BEGIN DATA SUPPLIED
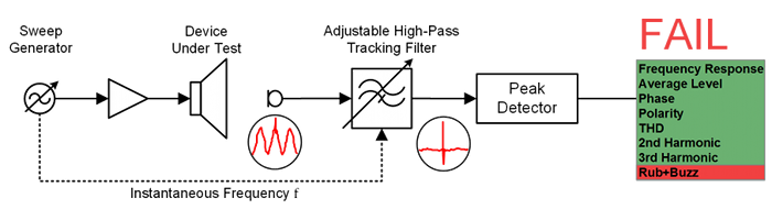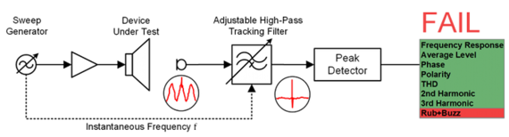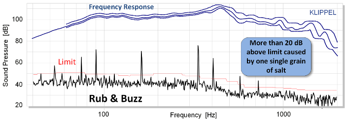 The KLIPPEL QC system offers outstanding sensitivity for all kinds of irregular distortion caused by mechanical defects. Such defects are easily audible by end users, badly affecting the audio quality. Thus they need to be detected as early as possible. High-order distortion is analyzed in the time domain by exploiting full spectral amplitude and phase information to detect even the tiniest impulses from loose particles, which may be 80 dB below the main signal level. Even if such defects are hardly audible at the component test, they should not be ignored since they might become worse in the final application.
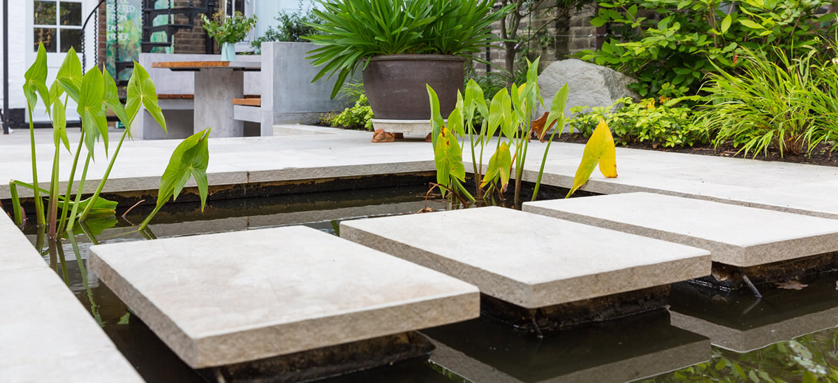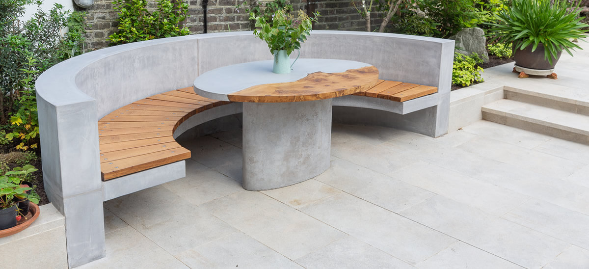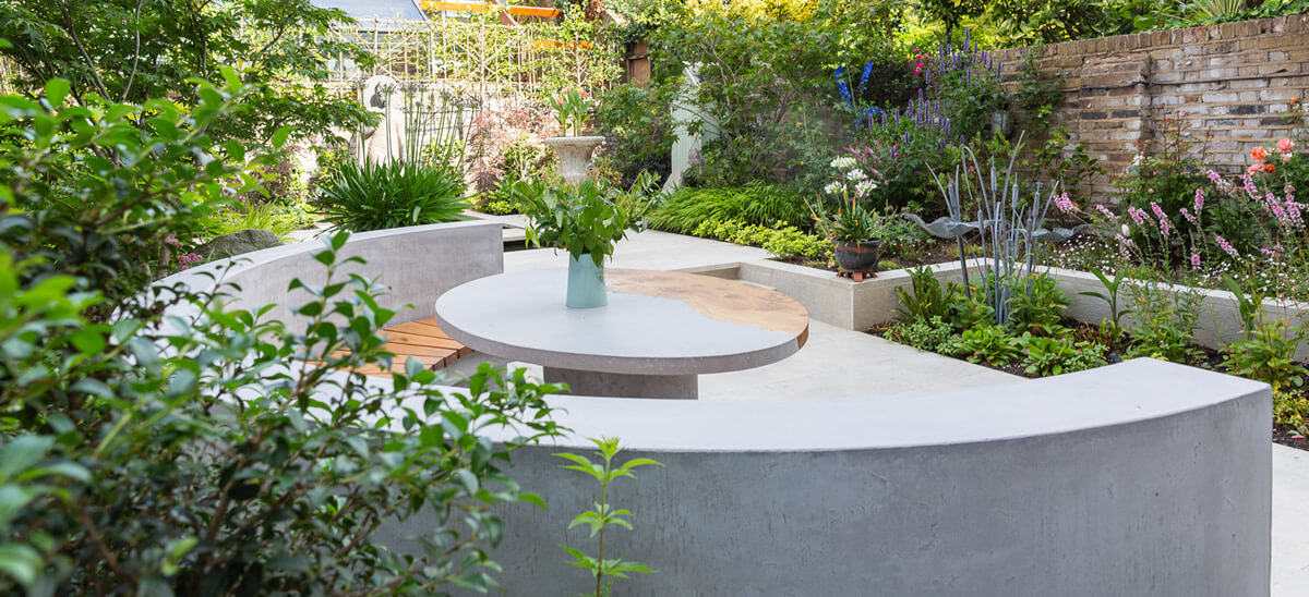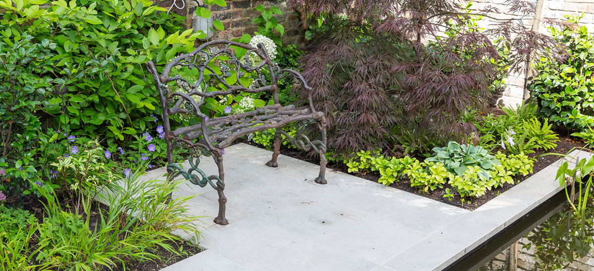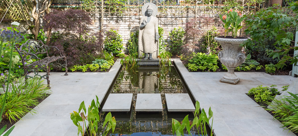The geometric design leads the eye to the Buddha and acers were selected for their sympathetic relationship with the Buddha as well as for their stunning autumnal colour. White camelias line the back wall under pleached trees for privacy. The bench and table are bespoke concrete features and the cream porcelain paving looks similar to limestone. The lighting adds extra atmosphere in the evening and the boulders are fake.
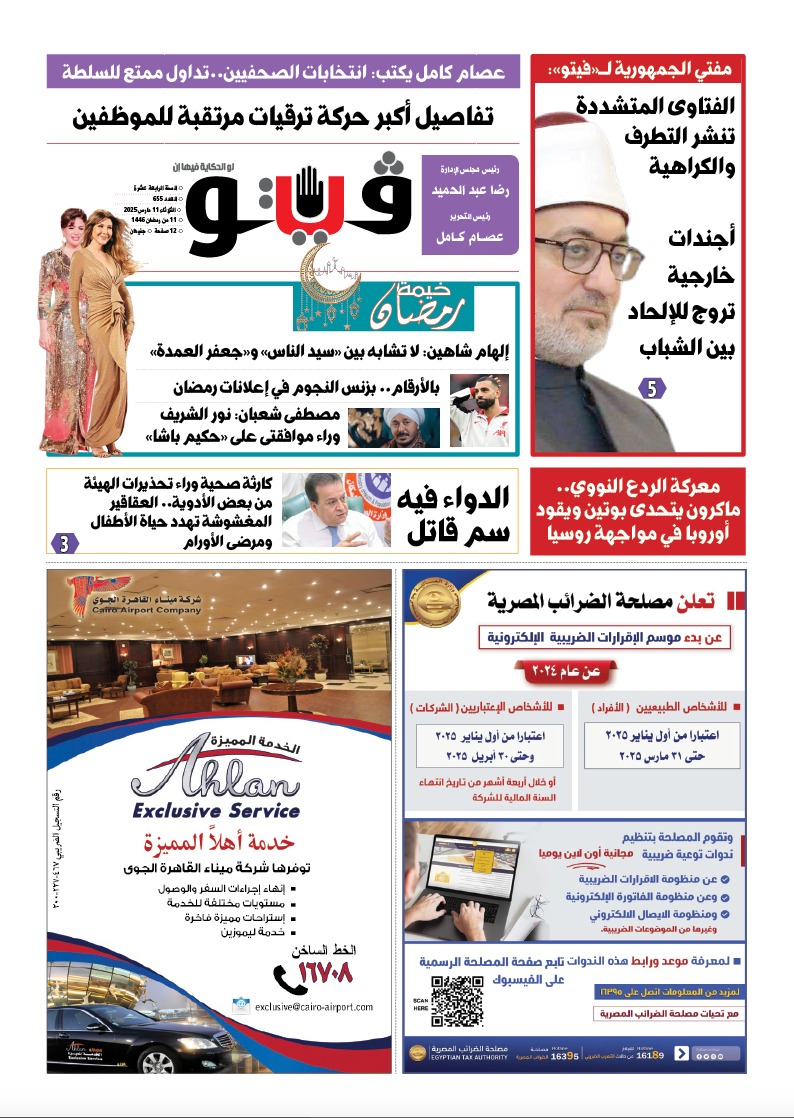 فيتو تكشف في عددها الجديد: كارثة صحية وراء تحذيرات هيئة الدواء.. وتفاصيل أكبر حركة ترقيات للموظفين
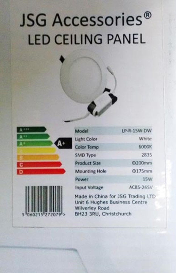 LED Panel light with attached driver, packed in a printed cardboard box. See images for more detail.
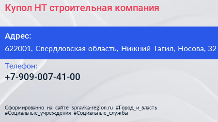 Купол НТ, строительная компания по адресу 622001, Свердловская область, Нижний Тагил, Носова, 32 в дальнейшем Организация, размещена в следующих категориях:
END DATA SUPPLIED
WHAT IS REQUIRED
Pictures must not appear in the copy, which must otherwise match the listing exactly.

COMPLETED TASK
 The KLIPPEL QC system offers outstanding sensitivity for all kinds of irregular distortion caused by mechanical defects. Such defects are easily audible by end users, badly affecting the audio quality. Thus they need to be detected as early as possible. High-order distortion is analyzed in the time domain by exploiting full spectral amplitude and phase information to detect even the tiniest impulses from loose particles, which may be 80 dB below the main signal level. Even if such defects are hardly audible at the component test, they should not be ignored since they might become worse in the final application.
The geometric design leads the eye to the Buddha and acers were selected for their sympathetic relationship with the Buddha as well as for their stunning autumnal colour. White camelias line the back wall under pleached trees for privacy. The bench and table are bespoke concrete features and the cream porcelain paving looks similar to limestone. The lighting adds extra atmosphere in the evening and the boulders are fake.
 فيتو تكشف في عددها الجديد: كارثة صحية وراء تحذيرات هيئة الدواء.. وتفاصيل أكبر حركة ترقيات للموظفين
 LED Panel light with attached driver, packed in a printed cardboard box. See images for more detail.
 Купол НТ, строительная компания по адресу 622001, Свердловская область, Нижний Тагил, Носова, 32 в дальнейшем Организация, размещена в следующих категориях:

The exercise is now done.